Mais c’est tout le contraire ! SOS MEDITERRANEE, avec d’autres ONG, prouve de toutes ses forces que ces obligations sont non seulement complémentaires mais indissociables ! Le droit maritime, ou droit de la mer, et le droit humanitaire non seulement ne se contredisent pas, mais se renforcent l’un l’autre, comme cela d’ailleurs ressort en partie de mes réponses à votre deuxième question, sur lesquelles je ne reviendrai pas. Il n’y a d’ailleurs rien d’étonnant, rien de plus naturel que ce lien indissociable entre les droits fondamentaux des personnes et le droit maritime. Tout simplement car les gens de mer, les vrais, les bons, les marins qui aiment leur métier, leurs traditions, leur particularité d’hommes qui vont sur les mers, ont pour la plupart dans leur ADN les valeurs de la mer qui font leur identité. Or au premier rang de ces vertus qu’ils ont illustrées au fil des siècles il y a la solidarité. Quoi qu’il arrive, on ne laisse pas mourir une personne qui se noie. Le sauvetage d’abord, sans réfléchir, sans hésitation ! La vie d’abord et avant tout ! En fait les marins, et plus généralement ceux qui à terre aussi ont l’honneur d’être considérés comme des gens de mer, ont été de facto les vrais pionniers du droit humanitaire. Et beaucoup ne veulent à aucun prix, sous aucun prétexte, renoncer à ce qu’ils considèrent encore comme un devoir sacré. Laissez-moi d’ailleurs vous dire que mon implication personnelle dans le drame des migrants naufragés - puis dans SOS MEDITERRANEE d’abord comme soutien et ensuite comme président - a pour origine principale le métier d’armateur que j’ai exercé pendant trente ans. Sans compter que c’est lorsque des armateurs et des navigants sont venus me dire leur désarroi (et pour certains leur désespoir devant les situations de sauvetage de masse auxquelles ils se trouvaient confrontés en Méditerranée) que j’ai commencé me dire qu’il fallait vraiment que je bouge, qu’il fallait faire quelque chose.
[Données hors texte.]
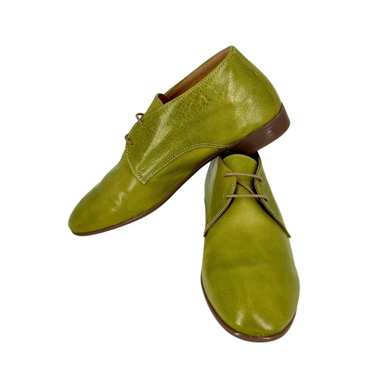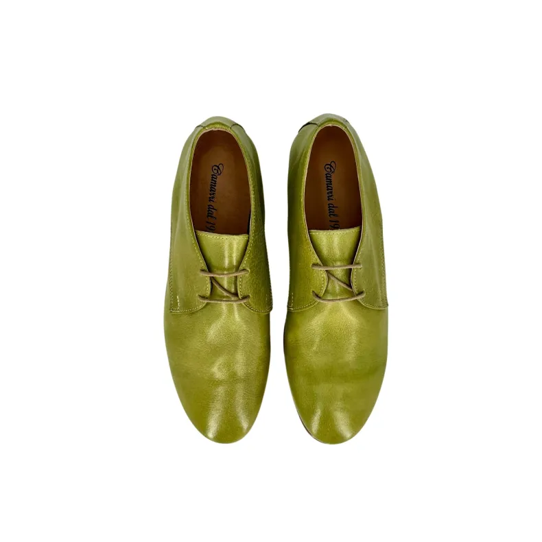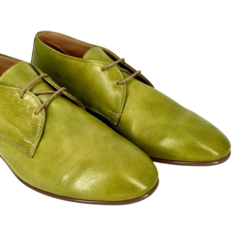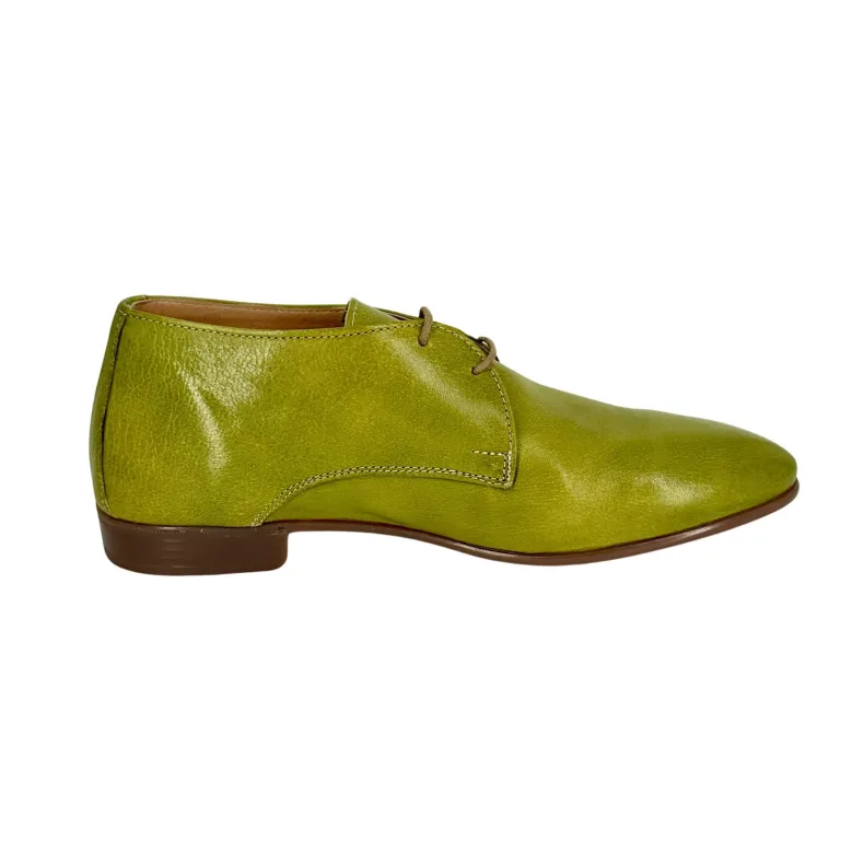 Handcrafted shoe in ivy green dipped leather.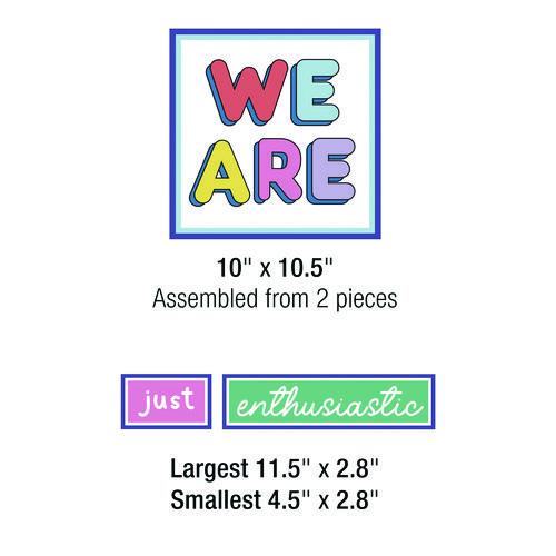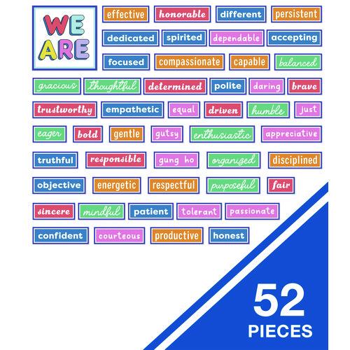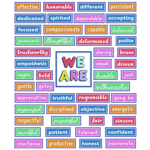 Help your students get excited to learn with Motivational Bulletin Board Sets from Carson Dellosa. These vibrant sets are perfect for decorating bulletin boards, chalkboards, wall displays, and more to create fun, visual references in and out of the classroom year-round. A resource guide is also included. Check out other motivational products to create a cohesive classroom theme.Package Includes: (1) "We Are" Header, Assembled from (2) Pieces: 10.5" x 10.5"; (50) Word Cards: Largest: 11.5" x 2.8", Smallest: 4.5" x 2.8"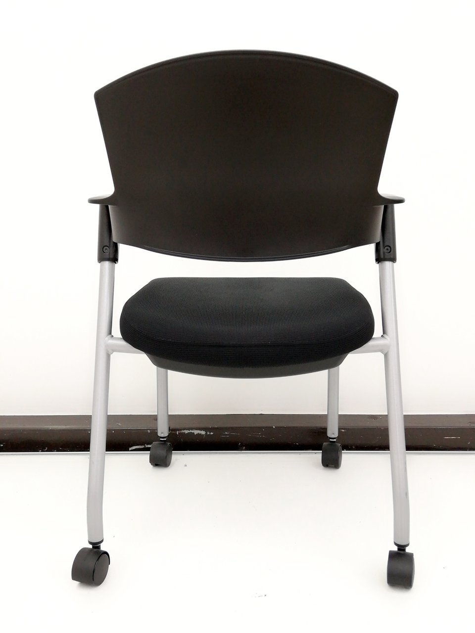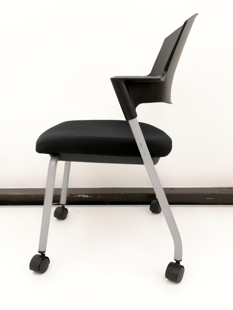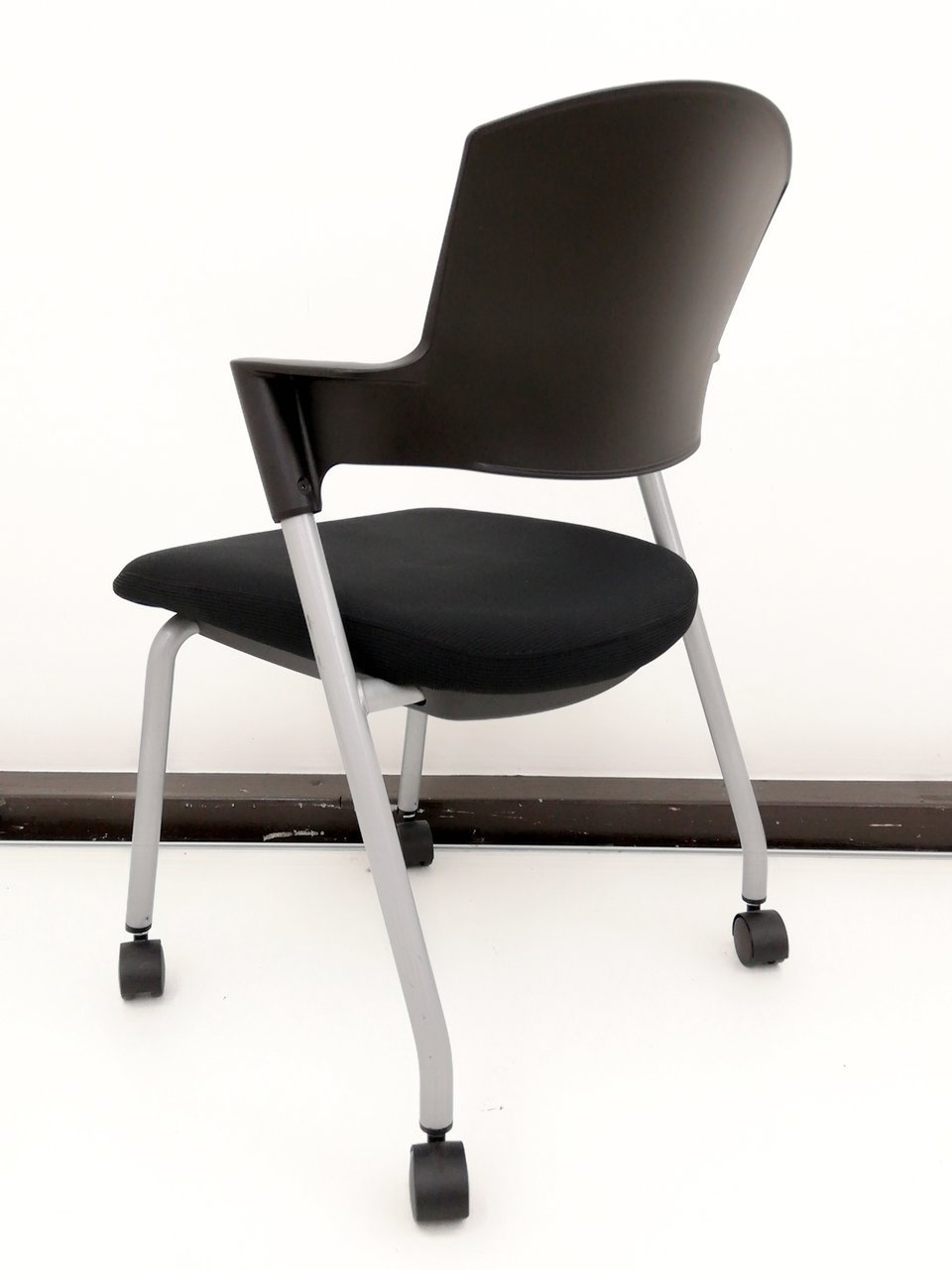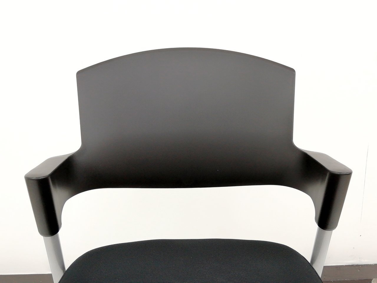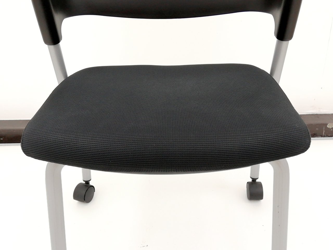【シンプルスマートなスタッキングチェア!分厚いクッションで長時間でも快適な座り心地!】■スタッキングチェア 肘付ミーティングチェア ■固定肘 ■キャスター付 ■ブラック ■背面樹脂/コクヨ(KOKUYO/プロッティ

Alors vous pensez bien que quand la création de SOS MEDITERRANEE m’a été signalée par un ami, un homme de la mer, et quand j’ai rencontré et écouté Sophie Beau et Klaus Vogel, c’est le monde maritime et son impératif de solidarité qui avaient bien préparé le terrain !

 

Ainsi, pour résumer, le droit maritime vous demande de porter assistance à toute personne en danger, puis de la reconduire dans un lieu sûr dans les meilleurs délais, le tout sous la coordination des autorités compétentes (MRCC). Or aujourd’hui, l’autorité compétente en Méditerranée centrale (les garde-côtes libyens) non seulement n’assume pas son rôle de coordination des secours mais en outre, reconduit les rescapés en Libye, en totale contradiction avec le droit maritime et bien entendu avec les droits de l’Homme. Tout ça avec non seulement l’assentiment mais encore le financement de l’Europe. Quant aux ONG, si elles ont parfois résisté aux demandes des garde-côtes libyens de leur livrer les rescapés qu’elles avaient secourus faute de réponse d’un MRCC, c’est justement pour respecter le droit maritime et le droit humanitaire.

 

1 Le MRCC, Maritime Rescue Coordination Center, est l’organisme public chargé de la coordination des secours en mer dans une zone donnée. Selon le Droit maritime, un sauvetage est normalement coordonné par le MRCC compétent dès le signalement de l’embarcation en détresse jusqu’au débarquement dans un lieu sûr.

2 SAR Search and Rescue (recherche et sauvetage). La zone SAR est habituellement attribuée aux garde-côtes de l’un des pays dont les eaux territoriales jouxtent les eaux internationales.